* _DATASET EXCERPT_:
^^^^^^^^

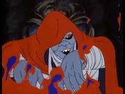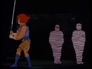 Told in a series of flashbacks, in this episode Snarf must go to the rescue of the Thundercats after they are captured one by one by his gang of mutants, mummified and imprisoned in Mum-ra's tomb. In the first bit, Cheetara rushes to answer a summons by lion-o, but it's a trap and she's caught in a net. Using his ability to talk to animals Snarf has large spider wrap up Mum-ra's sarcophagus in webbing to buy time so he can fetch the Sword of Omens which will give the heroes the energy to escape this trap.
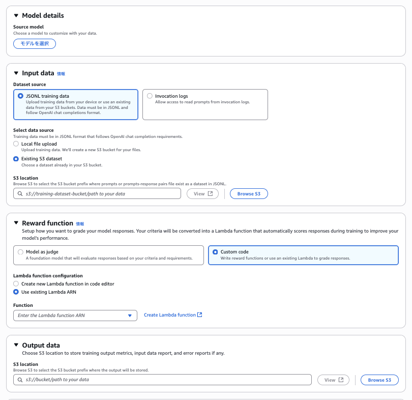 Amazon Bedrock の Reinforcement Fine-tuning では、報酬関数に、Model as judgeとCustom codeを利用できます。
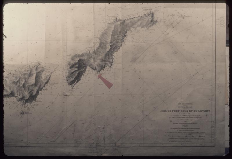 POP | Plateforme ouverte du patrimoineVue de la localisation de l'épave sur la carte de l'île du Levant (fouille M. Guérout).
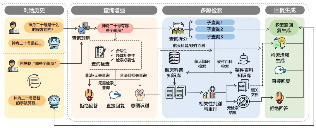 在实际使用场景中,用户的需求往往并不严谨,甚至带有模糊指代或复合条件。针对这一特点,卫星硬件百科系统引入了面向航天领域的智能检索增强机制,并与航天科普问答助手融合。

^^^^^^^^

* _EXERCISE OBJECTIVE_:
Would you write out the data exactly, with no pictures in the copy?

* _RESULT OF THE TASK_:
 Told in a series of flashbacks, in this episode Snarf must go to the rescue of the Thundercats after they are captured one by one by his gang of mutants, mummified and imprisoned in Mum-ra's tomb. In the first bit, Cheetara rushes to answer a summons by lion-o, but it's a trap and she's caught in a net. Using his ability to talk to animals Snarf has large spider wrap up Mum-ra's sarcophagus in webbing to buy time so he can fetch the Sword of Omens which will give the heroes the energy to escape this trap.
 Amazon Bedrock の Reinforcement Fine-tuning では、報酬関数に、Model as judgeとCustom codeを利用できます。
 POP | Plateforme ouverte du patrimoineVue de la localisation de l'épave sur la carte de l'île du Levant (fouille M. Guérout).
 在实际使用场景中,用户的需求往往并不严谨,甚至带有模糊指代或复合条件。针对这一特点,卫星硬件百科系统引入了面向航天领域的智能检索增强机制,并与航天科普问答助手融合。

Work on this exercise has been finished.